=== Information shown ===
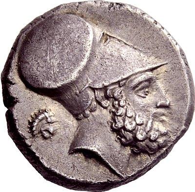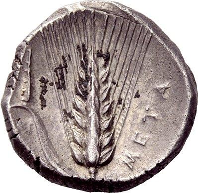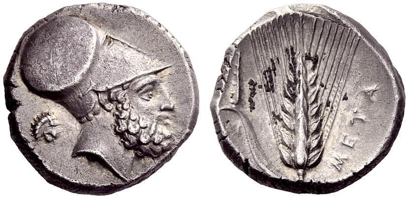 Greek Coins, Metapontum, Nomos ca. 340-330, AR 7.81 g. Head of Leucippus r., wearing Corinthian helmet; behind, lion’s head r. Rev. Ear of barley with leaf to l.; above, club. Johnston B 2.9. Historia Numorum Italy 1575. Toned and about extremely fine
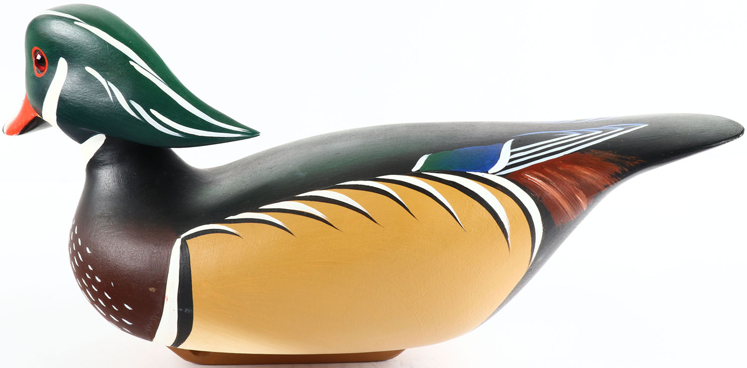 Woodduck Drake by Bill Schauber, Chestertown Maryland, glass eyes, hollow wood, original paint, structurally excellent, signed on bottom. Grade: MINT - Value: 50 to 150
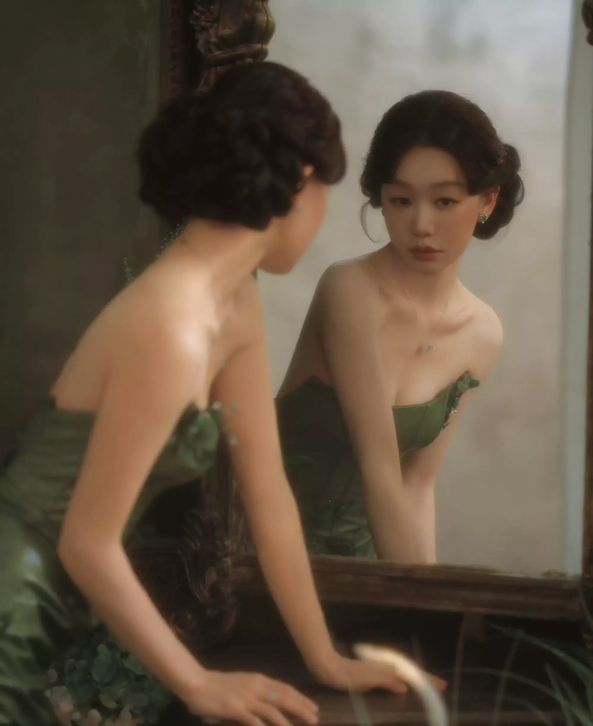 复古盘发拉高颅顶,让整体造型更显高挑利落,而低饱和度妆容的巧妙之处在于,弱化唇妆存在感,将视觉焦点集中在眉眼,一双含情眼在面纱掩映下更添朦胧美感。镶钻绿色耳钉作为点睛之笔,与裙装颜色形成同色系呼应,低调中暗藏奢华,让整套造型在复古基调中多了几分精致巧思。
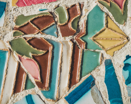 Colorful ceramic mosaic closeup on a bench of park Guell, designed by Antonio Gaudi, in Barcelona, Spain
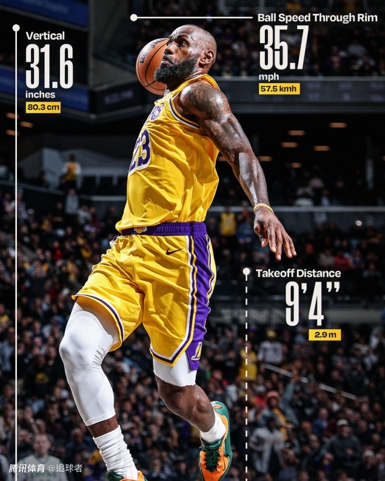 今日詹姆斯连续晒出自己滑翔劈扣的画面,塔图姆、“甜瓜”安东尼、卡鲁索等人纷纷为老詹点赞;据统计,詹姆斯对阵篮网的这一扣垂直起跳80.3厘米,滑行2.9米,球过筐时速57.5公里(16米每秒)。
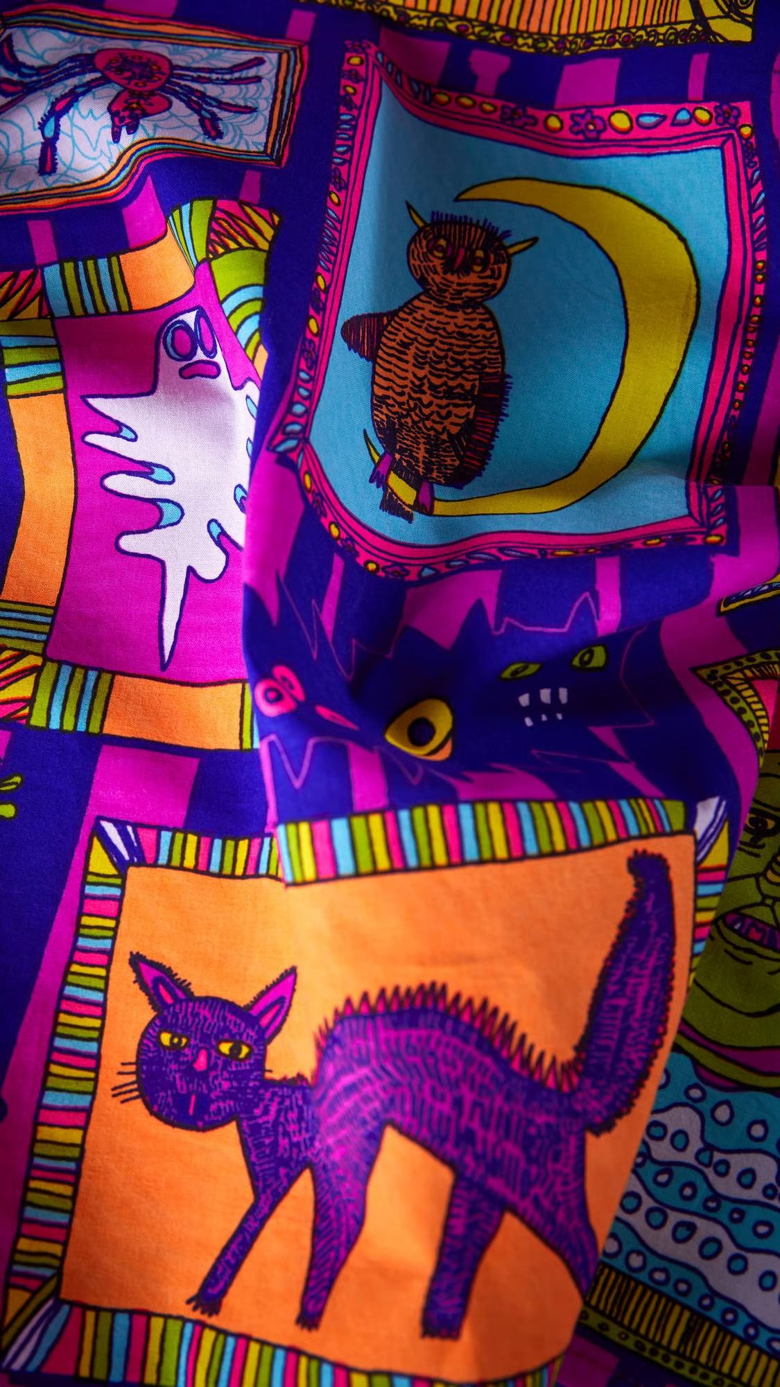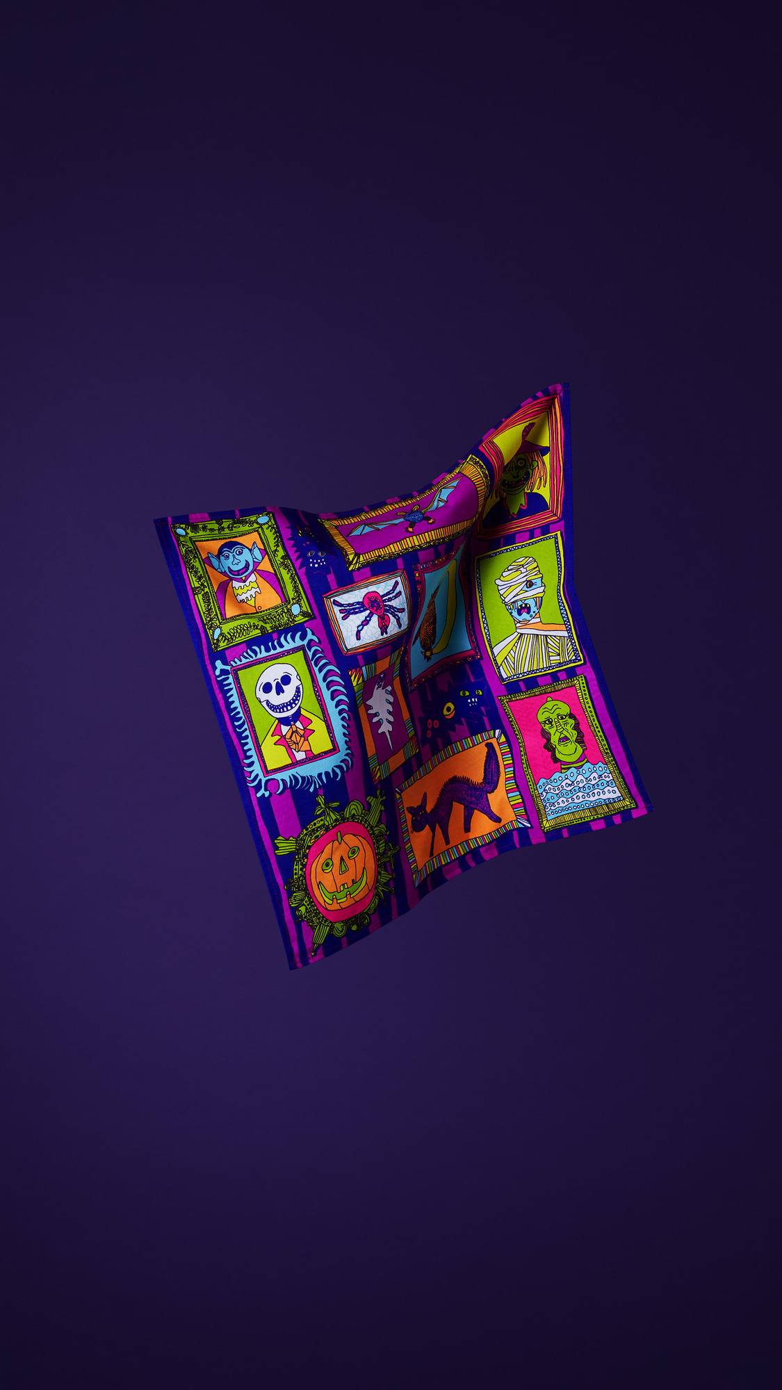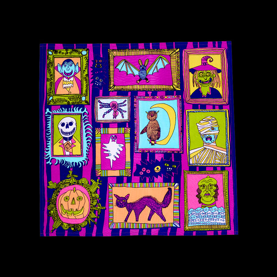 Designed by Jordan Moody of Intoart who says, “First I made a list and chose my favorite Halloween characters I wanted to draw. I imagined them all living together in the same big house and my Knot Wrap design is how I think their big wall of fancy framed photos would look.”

=== Work instructions ===
Your copy must hold exactly the lines from the one with "Woodduck Drake by" to the end of the records above, both included, and no pictures.

=== Task output ===
 Woodduck Drake by Bill Schauber, Chestertown Maryland, glass eyes, hollow wood, original paint, structurally excellent, signed on bottom. Grade: MINT - Value: 50 to 150
 复古盘发拉高颅顶,让整体造型更显高挑利落,而低饱和度妆容的巧妙之处在于,弱化唇妆存在感,将视觉焦点集中在眉眼,一双含情眼在面纱掩映下更添朦胧美感。镶钻绿色耳钉作为点睛之笔,与裙装颜色形成同色系呼应,低调中暗藏奢华,让整套造型在复古基调中多了几分精致巧思。
 Colorful ceramic mosaic closeup on a bench of park Guell, designed by Antonio Gaudi, in Barcelona, Spain
 今日詹姆斯连续晒出自己滑翔劈扣的画面,塔图姆、“甜瓜”安东尼、卡鲁索等人纷纷为老詹点赞;据统计,詹姆斯对阵篮网的这一扣垂直起跳80.3厘米,滑行2.9米,球过筐时速57.5公里(16米每秒)。
 Designed by Jordan Moody of Intoart who says, “First I made a list and chose my favorite Halloween characters I wanted to draw. I imagined them all living together in the same big house and my Knot Wrap design is how I think their big wall of fancy framed photos would look.”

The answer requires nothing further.